Pepperdine Magazine is the feature magazine for Pepperdine University and its growing community of alumni, students, faculty, staff, and friends.

Lemley has served as University Chaplain since 2007. In this role he seeks to serve the spiritual needs of the Pepperdine community, providing pastoral care, opportunities for worship, and spiritual guidance and leadership.

 

Why do we pray - Pepperdine Magazine

By Dave Lemley

University Chaplain

A small group of friends, bonded by nearly a year of living, traveling, and studying together in Pepperdine’s Heidelberg program, gathered one night around a campfire. After a deep, honest conversation about faith and doubt, one asked, “What if we prayed? Just to see what it’s like to talk to God?” In the first words of prayer he remembered voicing, “God, if you’re there, give me a sign.”

It’s been my privilege as chaplain to attend a number of services in Stauffer Chapel. The colors of the stained glass, the stillness, the scriptures that line the walls give it the sense of being a holy place. But for all its beauty, what makes God seem near to us in that space are memories of those who have gathered there for prayer.

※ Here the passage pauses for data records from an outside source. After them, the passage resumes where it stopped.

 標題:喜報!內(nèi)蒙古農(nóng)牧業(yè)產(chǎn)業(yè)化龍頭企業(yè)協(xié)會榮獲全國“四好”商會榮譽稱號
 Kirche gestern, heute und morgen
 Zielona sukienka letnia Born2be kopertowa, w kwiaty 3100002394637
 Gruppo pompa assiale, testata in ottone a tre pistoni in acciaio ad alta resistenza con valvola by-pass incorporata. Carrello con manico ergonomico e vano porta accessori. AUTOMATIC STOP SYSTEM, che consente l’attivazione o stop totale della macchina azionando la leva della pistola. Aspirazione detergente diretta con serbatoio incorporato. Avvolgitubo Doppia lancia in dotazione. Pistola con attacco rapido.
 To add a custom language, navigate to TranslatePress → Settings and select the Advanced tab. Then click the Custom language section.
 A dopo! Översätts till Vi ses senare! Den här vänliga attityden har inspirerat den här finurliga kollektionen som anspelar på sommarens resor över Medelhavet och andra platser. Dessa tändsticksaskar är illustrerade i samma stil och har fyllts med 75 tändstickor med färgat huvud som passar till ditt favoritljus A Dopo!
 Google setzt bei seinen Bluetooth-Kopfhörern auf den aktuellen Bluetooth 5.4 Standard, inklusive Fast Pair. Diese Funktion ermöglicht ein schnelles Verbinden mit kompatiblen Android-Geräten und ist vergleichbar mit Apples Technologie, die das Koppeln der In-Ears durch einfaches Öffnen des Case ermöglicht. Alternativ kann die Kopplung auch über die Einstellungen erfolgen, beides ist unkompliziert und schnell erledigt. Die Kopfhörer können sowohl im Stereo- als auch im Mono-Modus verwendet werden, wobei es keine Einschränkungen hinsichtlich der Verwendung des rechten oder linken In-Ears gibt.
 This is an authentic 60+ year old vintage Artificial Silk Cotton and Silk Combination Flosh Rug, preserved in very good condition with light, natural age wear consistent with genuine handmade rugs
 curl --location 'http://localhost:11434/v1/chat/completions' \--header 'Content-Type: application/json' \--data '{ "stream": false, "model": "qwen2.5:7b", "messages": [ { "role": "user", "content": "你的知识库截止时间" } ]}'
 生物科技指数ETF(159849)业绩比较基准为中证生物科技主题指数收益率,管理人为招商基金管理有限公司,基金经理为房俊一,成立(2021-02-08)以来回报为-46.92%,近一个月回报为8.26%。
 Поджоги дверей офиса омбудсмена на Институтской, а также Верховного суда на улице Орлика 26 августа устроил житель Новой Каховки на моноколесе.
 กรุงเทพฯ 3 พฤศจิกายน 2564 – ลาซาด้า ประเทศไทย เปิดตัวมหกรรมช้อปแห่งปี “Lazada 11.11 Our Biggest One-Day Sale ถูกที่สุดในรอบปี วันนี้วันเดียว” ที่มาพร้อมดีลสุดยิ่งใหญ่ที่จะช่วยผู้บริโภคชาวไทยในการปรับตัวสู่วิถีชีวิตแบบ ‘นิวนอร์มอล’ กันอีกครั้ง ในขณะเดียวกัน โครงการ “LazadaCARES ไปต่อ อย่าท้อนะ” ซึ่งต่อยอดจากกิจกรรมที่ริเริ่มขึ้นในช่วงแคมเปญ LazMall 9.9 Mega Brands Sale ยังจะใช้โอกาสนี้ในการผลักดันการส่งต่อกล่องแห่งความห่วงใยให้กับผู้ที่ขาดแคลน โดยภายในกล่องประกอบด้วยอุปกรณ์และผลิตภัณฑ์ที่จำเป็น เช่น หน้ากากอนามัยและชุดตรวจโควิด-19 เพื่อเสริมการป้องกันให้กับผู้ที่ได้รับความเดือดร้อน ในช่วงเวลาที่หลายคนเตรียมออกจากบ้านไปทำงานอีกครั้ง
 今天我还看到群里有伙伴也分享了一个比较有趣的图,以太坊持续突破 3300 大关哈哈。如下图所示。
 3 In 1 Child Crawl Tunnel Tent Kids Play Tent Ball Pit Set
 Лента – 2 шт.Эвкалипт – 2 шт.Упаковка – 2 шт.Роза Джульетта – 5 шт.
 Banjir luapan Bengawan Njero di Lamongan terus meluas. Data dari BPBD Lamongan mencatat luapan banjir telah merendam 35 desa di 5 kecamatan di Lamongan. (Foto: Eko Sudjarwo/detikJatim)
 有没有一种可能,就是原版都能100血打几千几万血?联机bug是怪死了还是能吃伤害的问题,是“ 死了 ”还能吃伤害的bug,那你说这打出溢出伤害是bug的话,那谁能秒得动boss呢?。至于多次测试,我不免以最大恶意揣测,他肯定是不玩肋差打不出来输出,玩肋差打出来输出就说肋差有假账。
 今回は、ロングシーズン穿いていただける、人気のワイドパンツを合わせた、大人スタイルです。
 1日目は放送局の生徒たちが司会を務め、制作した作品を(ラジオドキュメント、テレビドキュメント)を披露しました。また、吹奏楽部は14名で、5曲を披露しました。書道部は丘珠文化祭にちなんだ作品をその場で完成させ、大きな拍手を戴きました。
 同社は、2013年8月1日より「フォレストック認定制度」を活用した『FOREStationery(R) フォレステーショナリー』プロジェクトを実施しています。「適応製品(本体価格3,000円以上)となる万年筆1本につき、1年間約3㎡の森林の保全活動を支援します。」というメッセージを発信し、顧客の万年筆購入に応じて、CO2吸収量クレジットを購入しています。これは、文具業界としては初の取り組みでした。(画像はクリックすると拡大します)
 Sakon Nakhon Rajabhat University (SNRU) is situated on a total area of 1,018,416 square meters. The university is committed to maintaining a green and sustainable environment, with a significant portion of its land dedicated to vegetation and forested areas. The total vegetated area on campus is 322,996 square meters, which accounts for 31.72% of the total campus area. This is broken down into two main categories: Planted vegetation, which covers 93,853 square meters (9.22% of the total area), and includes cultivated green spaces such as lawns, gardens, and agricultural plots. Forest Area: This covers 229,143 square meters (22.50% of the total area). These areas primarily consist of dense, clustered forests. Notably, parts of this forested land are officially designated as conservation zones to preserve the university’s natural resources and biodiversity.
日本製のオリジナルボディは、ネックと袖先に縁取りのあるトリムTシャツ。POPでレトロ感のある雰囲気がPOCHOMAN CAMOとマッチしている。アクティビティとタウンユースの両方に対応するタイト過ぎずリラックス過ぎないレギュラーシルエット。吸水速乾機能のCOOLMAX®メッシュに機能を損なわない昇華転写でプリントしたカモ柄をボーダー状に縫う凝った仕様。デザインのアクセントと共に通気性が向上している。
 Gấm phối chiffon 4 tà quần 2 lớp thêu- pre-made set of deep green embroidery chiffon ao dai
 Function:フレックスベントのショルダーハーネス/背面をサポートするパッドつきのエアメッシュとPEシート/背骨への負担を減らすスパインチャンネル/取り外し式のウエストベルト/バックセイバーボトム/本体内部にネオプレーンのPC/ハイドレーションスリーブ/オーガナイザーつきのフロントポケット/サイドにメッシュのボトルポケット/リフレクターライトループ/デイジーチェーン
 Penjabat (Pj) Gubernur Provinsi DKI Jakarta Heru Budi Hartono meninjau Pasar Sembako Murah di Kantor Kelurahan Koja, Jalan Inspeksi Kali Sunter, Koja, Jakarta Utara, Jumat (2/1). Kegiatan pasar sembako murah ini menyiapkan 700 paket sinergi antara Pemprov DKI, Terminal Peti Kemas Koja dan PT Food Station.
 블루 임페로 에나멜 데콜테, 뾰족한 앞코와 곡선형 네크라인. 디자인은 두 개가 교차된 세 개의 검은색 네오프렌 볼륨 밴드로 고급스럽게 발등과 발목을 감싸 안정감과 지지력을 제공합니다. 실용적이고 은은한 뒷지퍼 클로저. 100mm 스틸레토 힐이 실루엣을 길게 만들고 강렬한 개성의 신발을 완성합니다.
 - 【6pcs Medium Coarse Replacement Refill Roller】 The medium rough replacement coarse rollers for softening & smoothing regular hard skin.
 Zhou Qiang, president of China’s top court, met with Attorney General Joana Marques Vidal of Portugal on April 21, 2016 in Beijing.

In prayer we rejoice in God’s goodness and in prayer we invoke God’s help. In prayer we come together in grief or in celebration. Each gathering leaves a unique mark of our community’s encounter with God.

These marks are scattered in many places: in the classroom where I prayed with students on the morning after war began in Iraq; at the patio tables where a student small-group gave thanks for a semester together; in a conference room where a staff Bible study group asked God’s help for a struggling daughter; in a faculty office where we prayed for God’s healing.

I sense God’s presence in each cluttered desk, concrete bench, and conference table. I feel his nearness as if these objects themselves were warmed by the sun through stained glass in the stillness of our chapel—hardly the only holy space on campus.

In his book Prayer, author Richard Foster writes of the struggle to feel that his “tangled mass of motives” are just right for prayer. “But what I have come to see,” says Foster, “is that God is big enough to receive us with all our mixture. We do not have to be bright, or pure, or filled with faith, or anything. This is what grace means.”

I think of that student’s honest plea around the campfire, of the reasons we came to God in all those places where embers of God’s presence still glow inn my memory. We ask God to show us a sign of his love, and in prayer, we become present to God. For whatever reason we come, we carry the evidence of that encounter into every time and place ahead.


Why do you pray?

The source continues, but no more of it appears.